When a cyber-attack happens, organizations and individual employees can be impacted. As noted, an attack could cause over a week of downtime, which could cause customers to look for a new organization to partner with. When organizations lose customers, they often need fewer employees on their staff. In addition, hackers aren’t always picky about what information they steal, which means employee personal information is at risk during an attack. Just think of the personal data that your employer has – bank account information for direct depositing payroll, social security numbers for tax purposes, potentially medical information, driver’s license numbers, and personal contact information. Hackers can wreak havoc on employees, as well as organizations, and employees should be made aware of this.

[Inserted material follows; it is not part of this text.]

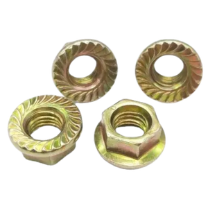 The serrated flange incorporates radial teeth that bite into the mating surface during installation, creating resistance to loosening caused by vibration and movement. This integrated locking feature eliminates the need for a separate washer while improving joint stability. The Zinc‑Yellow CR+6 (hexavalent chromium) plating offers enhanced corrosion protection and a distinctive yellow appearance, making these nuts suitable for indoor and light‑to‑moderate outdoor environments.

6.  Share and Gather Feedback

Share knowledge and information with employees – the good and the bad. If an employee calls out a phishing email to the internal or outsourced IT consulting company, bring attention to that companywide. If a phishing email has impacted your company, share those details as well, along with what is being done to remedy the situation (but don’t call-out a specific employee). This sharing keeps employees in the know and helps with the education process. Similarly, ask for feedback, questions, and concerns. You may uncover valuable information when you ask for it. Just be sure to follow-up on what is received. If an employee asks a question and it is not answered in a timely manner, that employee may be less inclined to support the Cybersecurity policies of the organization.

If these tips seem to be pretty basic to you, you would be right! Often the simplest tip, or trick is what can stop a hacker. So, go on, get back to basics this month with Cybersecurity. You’ll be glad that you did!